▶ [Exercise instructions] In the entries below, find the line with "Fertig gestellte Compositfüllung 14 od" and the line with "基調講演 / パネリスト 小泉 進次郎氏 (衆議院議員 元環境大臣)"; reproduce those two lines and all lines between them exactly, without pictures.

▶ [Records drawn from a dataset]

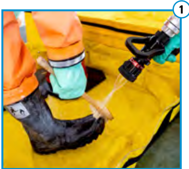
Vorreinigung Stiefel und Handschuhe
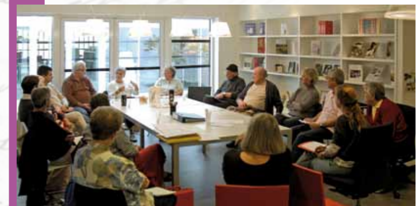
Deux fois par mois, des passionnés de généalogie se réunissent au Bois fleuri

Contact : 05 56 74 59 83 / archives@ville-lormont.fr
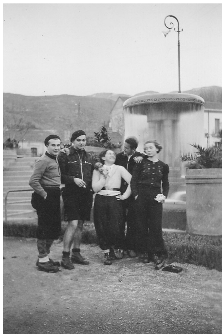
Image 14. Excursion à Blida, 1939
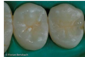
Fertig gestellte Compositfüllung 14 od
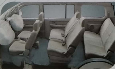
Tempat duduk untuk 8 orang, lebih lega dan lebih nyaman dalam perjalanan.
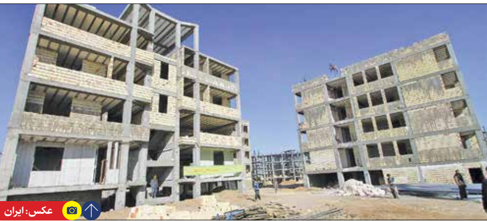
راستا هفته گذشته در شهرهای جدید پزند، هشتگرد، ایوانکی و سهند، واگذاری زمین انجام شده است و در شهرهای جدید
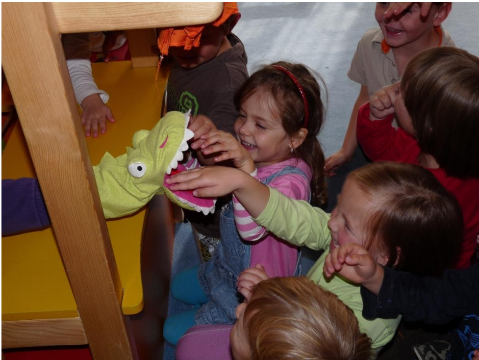
Nadšení dětí při činnosti s maňáskem s otevírací pusou.
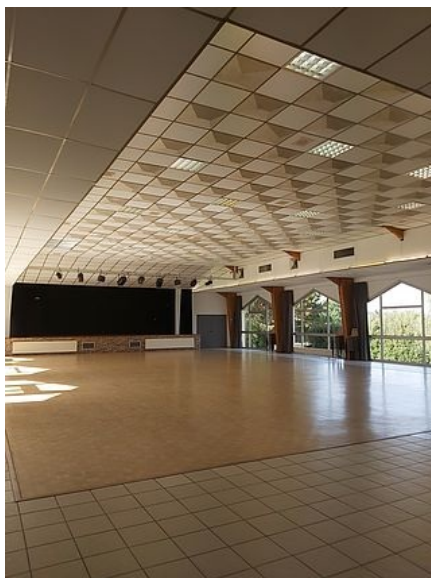
Intérieur de la salle avec scène
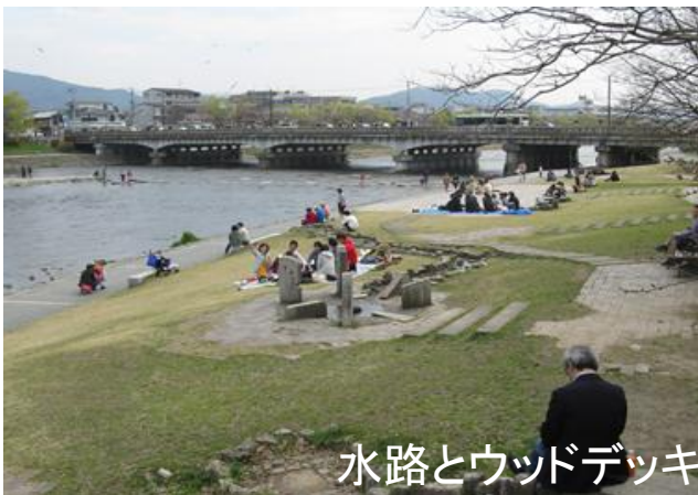
水路とウッドデッキ
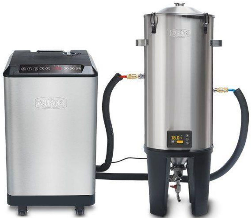
Slika 4. Glikolni rashladni uređaj GC4 (lijevo) i fermentor Grainfather GF30 (desno) 20

Budući da je kontrola temperature tijekom fermentacije ključna, fermentor ( slika 4 ) je spojen na glikolni rashladni uređaj GC4 ( slika 4 ). Učinkovitost hlađenja je poboljšana dodatkom izolacijskog plašta na GF30, no uz to smanjena je kondenzacija pri fermentaciji na niskim temperaturama. Rashladni uređaj može napajati četiri fermentora istovremeno. 20
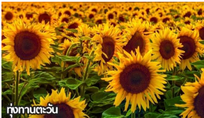
ทุ่งทานตะวัน
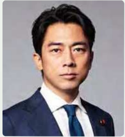
基調講演 / パネリスト 小泉 進次郎氏 (衆議院議員 元環境大臣)
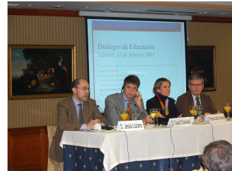
El ponente junto al moderador y a los Presidentes de COFAPA y CONCAPA
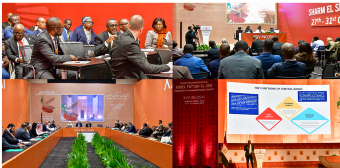
Grupos de debate del Tema 1.

Los congresistas resaltaron la importancia de unos mandatos legales claros. La ambigüedad puede derivar tanto en un intervencionismo excesivo como en restricciones indebidas, y en ambos casos se debilita la rendición de cuentas. Por contra, unas delimitaciones bien definidas fomentan la cooperación constructiva y refuerzan el respeto mutuo entre las instituciones. La fiscalización no debería interferir en la independencia política, pero la independencia tampoco debería convertirse en blindaje contra el control.
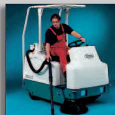
Skyddstak och handsug
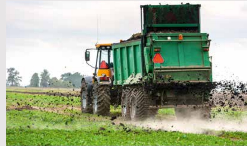
Ein Drittel des Klärschlammes landet derzeit als Dünger auf den Äckern.

„Das bedeutet, dass dann auch wir in Sehnde versuchen müssen, die Masse an Klärschlamm zu reduzieren“, betont Korf. Dieses jedoch gehe nur durch neue Anlagen, also Neuinvestitionen. So könne der mit 75 Prozent sehr hohe Wassergehalt des Klärschlammes auf bis zu zehn Prozent reduziert werden. Wichtig ist Korf schon jetzt, dass die Bevölkerung für dieses Thema frühzeitig sensibilisiert wird: „Der
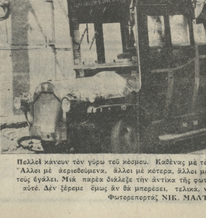
Πολλοί κάνουν τόν γύρω τού κόσμου με άντικα. Καθένας με τού μέσο της άρεσκείας του. Άλλοι με άεροπλάνο, άλλοι με κότερα, άλλοι με πεδήλατα, άλλοι... όπως τούς θάλασε. Μία παρέα διάλεξε την άντικα της φωταγερίας μας για τού σκοπό αυτό. Δέν ξερεμε όμως άν θα μπερδέσει, τελικά, να τόν πραγματοποιήσει.

Ο ΕΙΤΖΗ ΣΥΝΕΛΗΦΘΗ ΧΡΕΣ ΑΠΟ ΤΗΝ ΓΑΛΛΙΚΗ ΔΑΣΤΥΝΟΜΙΑ ΤΗΝ ΒΟΥΛΗΝ ΚΑΙ ΤΟ ΥΠΟΥΡΓΕΙΟ ΤΩΝ ΕΣΩΤΕΡΙΚΩΝ ΑΝΑΚΟΙΝΩΝ ΕΙΔΩΝ ΕΙΔΟΠΟΙΗΘΗ ΓΙΑ ΤΗΝ ΑΠΟΓΟΡΕΥΣΗ ΤΗΣ ΕΙΣΟΔΟΥ ΤΟΥ ΚΑΙ ΤΗΣ ΔΙΑΜΟΝΗΣ ΤΟΥ ΣΤΗΝ ΓΑΛΛΙΑ.
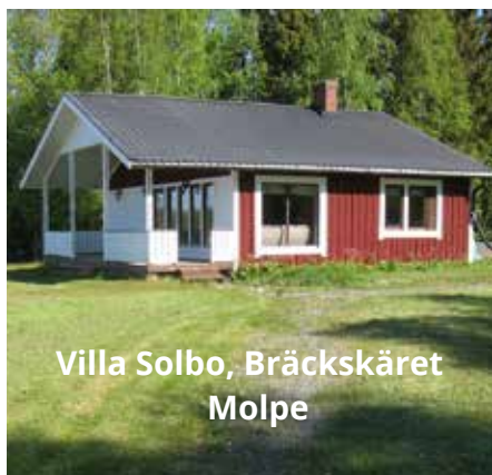
Villa Solbo, Bräckskäret Molpe

Information om privat försäljning och uthyrning av lediga hus hittas på: www.korsnas.fi > Boende och närmiljö > Privat försäljning och uthyrning
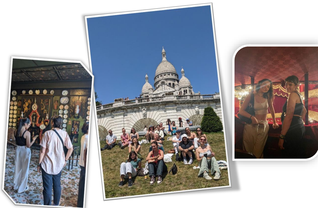
Week-end culturel à Paris (juin 2023)

Le cursus HK/KH est exigeant mais tellement enrichissant. Il est un tremplin pour le reste des études qui paraissent bien plus simples après. L'accès aux écoles notamment l'ENS reste limité mais le bagage culturel et les nombreux entraînements à l'écrit et à l'oral font de nous des étudiants performants dans le reste de nos études. J'ai pu y apprendre à travailler et rien n'est plus important pour la poursuite des études.
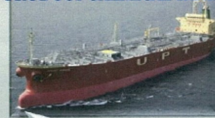
ケミカル・タンカー(化学製品運搬船) PRODUCT CHEMICAL TANKER

ベンゼンやアルコール、硫酸、大豆油などの液体化学品を運ぶ船で、小さなタンクをたくさん持っています。
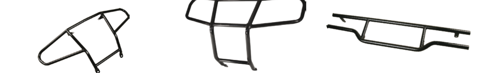
Rammschutz vorne Typ A Blade
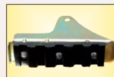
Pies de Seguridad Ajustables Antiderrapantes
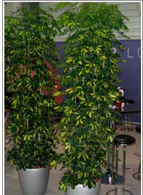
1.5 Schefflera - Säule
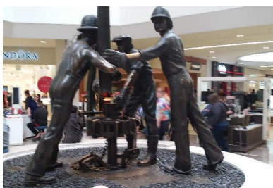
Socha v pasáži připomíná zdroj bohatství

Kolej mi připomněla studentská léta v Chicagu. Nakonec, zas tak izolovaná Kanada není. Stejný typ záchodu, stejná sprcha, kde nejde regulovat množství vody, a teplotu nemůžete nastavit, aniž byste stáli pod ní. Takže to na začátku mrazí a pak paří.
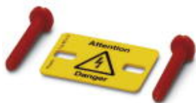
Rysunek przedstawia wariant WS 4-8

Etykieta ostrzegawcza, Płyta, pomarańczowy, opisany: Błyskawica i wskazówka ostrzegawcza po angielsku, Rodzaj montażu: Śruby, nity, do styków o szerokości: 15 mm
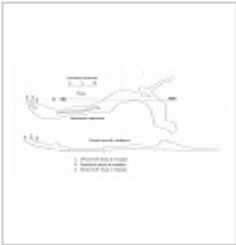
Нежная План и профиль. Автор С.П. Лозовой
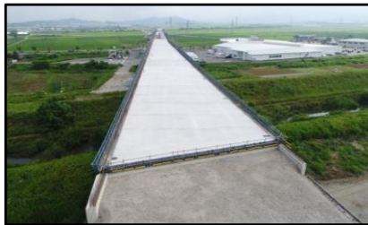
西郷高架橋A1側(新庄方向)
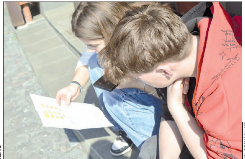
Száznál több konfirmandus a Dupla Kátén

badnapja). A hosszú múltra visszatekintő esemény tulajdonképpen alternatív kátéóra, amelynek célja – ha csak egy napra is – közös együttlétre invitálni az első- és másodéves konfirmandusokat. Az idei rendezvény a Mérföldkövek címet kapta, témája a református vallás, egyház kialakulása volt. A száznál is több konfirmandus stációról stációra, játékról játékra haladva bizonyíthatta ügyességét, kreativitását és a kátéórán szerzett tudását. (Hatházi Evelin Tímea)
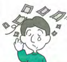
絶対にもうかるって聞いたのに

皮膚のかぶれ等が生じるおそれのある成分が含まれていると知りながら、その説明をわざとしないで、「このクリームを使えばしみ・そばかすがきれいに消えますよ」と説明され化粧品を買わされた。
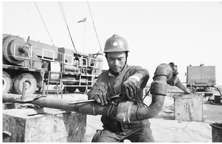
● 链接高压注水管线,实施高压水钻工艺。

全厂围绕“降成本、调结构、补短板、消瓶颈、抓创新、稳增长”十八方针,以提高采收率为目的,引进和研发各类新型工艺技术,解决工程技术不完善与油藏需求的矛盾。针对
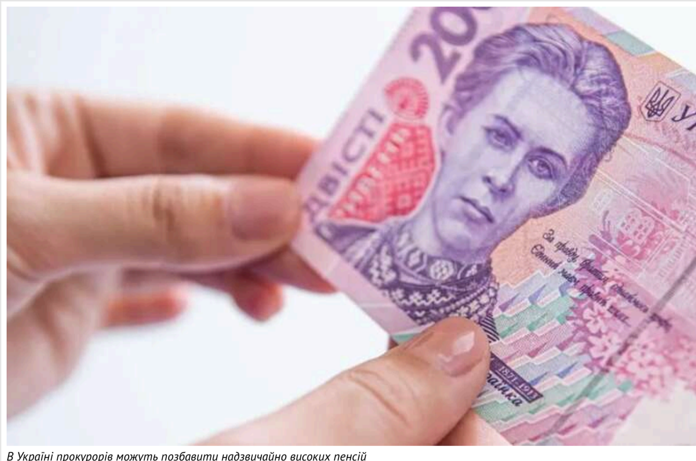
В Україні прокурорів можуть позбавити надзвичайно високих пенсій

Українські прокурори можуть залишитися без великих пенсій. Це відбудеться, якщо в Україні приймуть рішення про встановлення єдиних умов для перерахунку пенсій, незалежно від закону, за яким їх обчислюють.
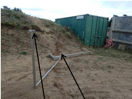
Billede nr. 2 : Anordning der benyttes ved måling af støj fra motocrossmaskiner Placering af støjmåler henholdsvis motocross

Kørere der ønsker at bruge motocrossbanen, skal benytte transpondere, så det er muligt at følge den samlede støjbelastning fra motocrossbanen. Støjbelastningen fra banen ligger normalt langt under støjgrænsen. Hvis støjgrænsen overskrides, stoppes kørsel straks.
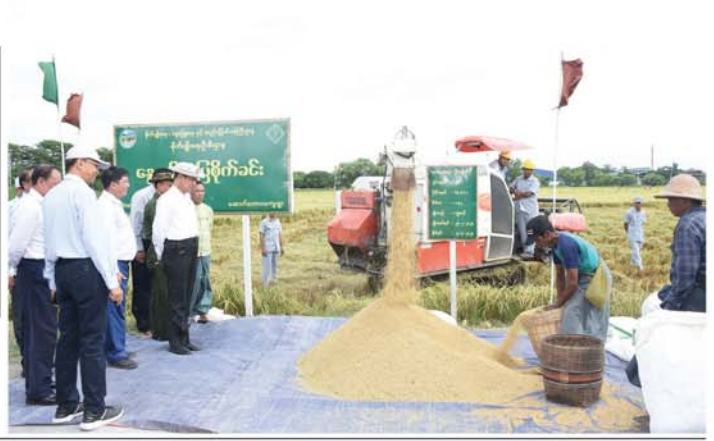
သတင်း-စာမျက်နှာ ၆

▶ [Written solution]
Fertig gestellte Compositfüllung 14 od
Tempat duduk untuk 8 orang, lebih lega dan lebih nyaman dalam perjalanan.
راستا هفته گذشته در شهرهای جدید پزند، هشتگرد، ایوانکی و سهند، واگذاری زمین انجام شده است و در شهرهای جدید
Nadšení dětí při činnosti s maňáskem s otevírací pusou.
Intérieur de la salle avec scène
水路とウッドデッキ
Slika 4. Glikolni rashladni uređaj GC4 (lijevo) i fermentor Grainfather GF30 (desno) 20

Budući da je kontrola temperature tijekom fermentacije ključna, fermentor ( slika 4 ) je spojen na glikolni rashladni uređaj GC4 ( slika 4 ). Učinkovitost hlađenja je poboljšana dodatkom izolacijskog plašta na GF30, no uz to smanjena je kondenzacija pri fermentaciji na niskim temperaturama. Rashladni uređaj može napajati četiri fermentora istovremeno. 20
ทุ่งทานตะวัน
基調講演 / パネリスト 小泉 進次郎氏 (衆議院議員 元環境大臣)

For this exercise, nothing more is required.